Once https://github.com/haskell/containers/issues/405 is resolved,
there may be more point in trying for faster deserialization of
containers with deterministically ordered keys.

sjakobi marked 5 inline comments as done.Fri, Oct 26, 10:34 AM
sjakobi marked an inline comment as done.Fri, Oct 26, 10:43 AM
sjakobi updated this revision to Diff 18466.Fri, Oct 26, 10:51 AM
  • getNamedChunks: Add docs
sjakobi marked an inline comment as done.Fri, Oct 26, 10:52 AM
sjakobi updated this revision to Diff 18467.Fri, Oct 26, 11:16 AM
  • extractDocs': Rely on tcg_rn_decls to be Just
  • A small haddock improvement
sjakobi updated this revision to Diff 18468.Fri, Oct 26, 11:38 AM
  • appendHsDoc: Clarify
sjakobi marked an inline comment as done.Fri, Oct 26, 11:39 AM
sjakobi added inline comments.Fri, Oct 26, 11:48 AM
compiler/parser/HaddockLex.x
56

Are you asking for a change in this patch here, Alex?

sjakobi updated this revision to Diff 18469.Fri, Oct 26, 12:02 PM
  • HaddockLex: Simplify a type
harpocrates added inline comments.Fri, Oct 26, 11:54 PM
compiler/parser/HaddockLex.x
80

This is more involved that just

-    let pflags = ParserFlags EnumSet.empty EnumSet.empty (stringToUnitId "") 0
+    let pflags = ParserFlags EnumSet.empty (EnumSet.fromList [MagicHash]) (stringToUnitId "") 0

because the 0 is a bitset that also takes into account language extensions. In order to work around this is a sane fashion, I've opened D5269. With that, we'll want:

-    let pflags = ParserFlags EnumSet.empty EnumSet.empty (stringToUnitId "") 0
+    let pflags = mkParserFlags'
+                   EnumSet.empty (EnumSet.fromList [MagicHash])
+                   (stringToUnitId "")
+                   False False False False False
sjakobi updated this revision to Diff 18642.Fri, Nov 9, 7:03 PM
  • Bump haddock
  • Speed up utf8SplitAtByteString
sjakobi updated this revision to Diff 18643.Fri, Nov 9, 9:35 PM
  • Fix serialization of language extensions
sjakobi updated this revision to Diff 18644.Fri, Nov 9, 10:52 PM
  • Break some overlong lines
  • Strictly serialize the mi_docs constructor, lazily serialize the Docs inside
sjakobi added inline comments.Sat, Nov 10, 2:54 AM
compiler/parser/HaddockLex.x
6
sjakobi updated this revision to Diff 18646.Sat, Nov 10, 3:15 AM
  • HaddockLex: Add TODO
  • rnHsDocIdentifier: Check an invariant
sjakobi added a subscriber: Tritlo.Sat, Nov 10, 4:00 AM
sjakobi added inline comments.
compiler/typecheck/TcHoleErrors.hs
478

@Tritlo What do you think about this? mb_docs == Nothing implies that -haddock is turned off.
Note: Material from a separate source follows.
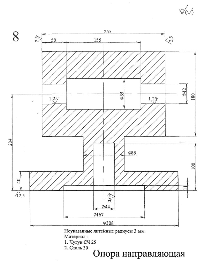 ДЗ 1: Разработка технологии изготовления отливок - Опора направляющая вариант 8

If we want a warning for this case, do we also want them for the modules addressed by lookupInIface below? Potentially this could get very verbose…

Tritlo added inline comments.Sat, Nov 10, 6:11 AM
compiler/typecheck/TcHoleErrors.hs
478

I think we should avoid being too verbose if we can, but I think a warning should be in order. Maybe the following procedure: if the user asked for documentation, and one or more of the displayed suggestions does not have documentation (due to haddock being off), then add a message to the end to the effect of "Some documentation could not be found. Make sure the modules were compiled with '-haddock'". Would that be preferable?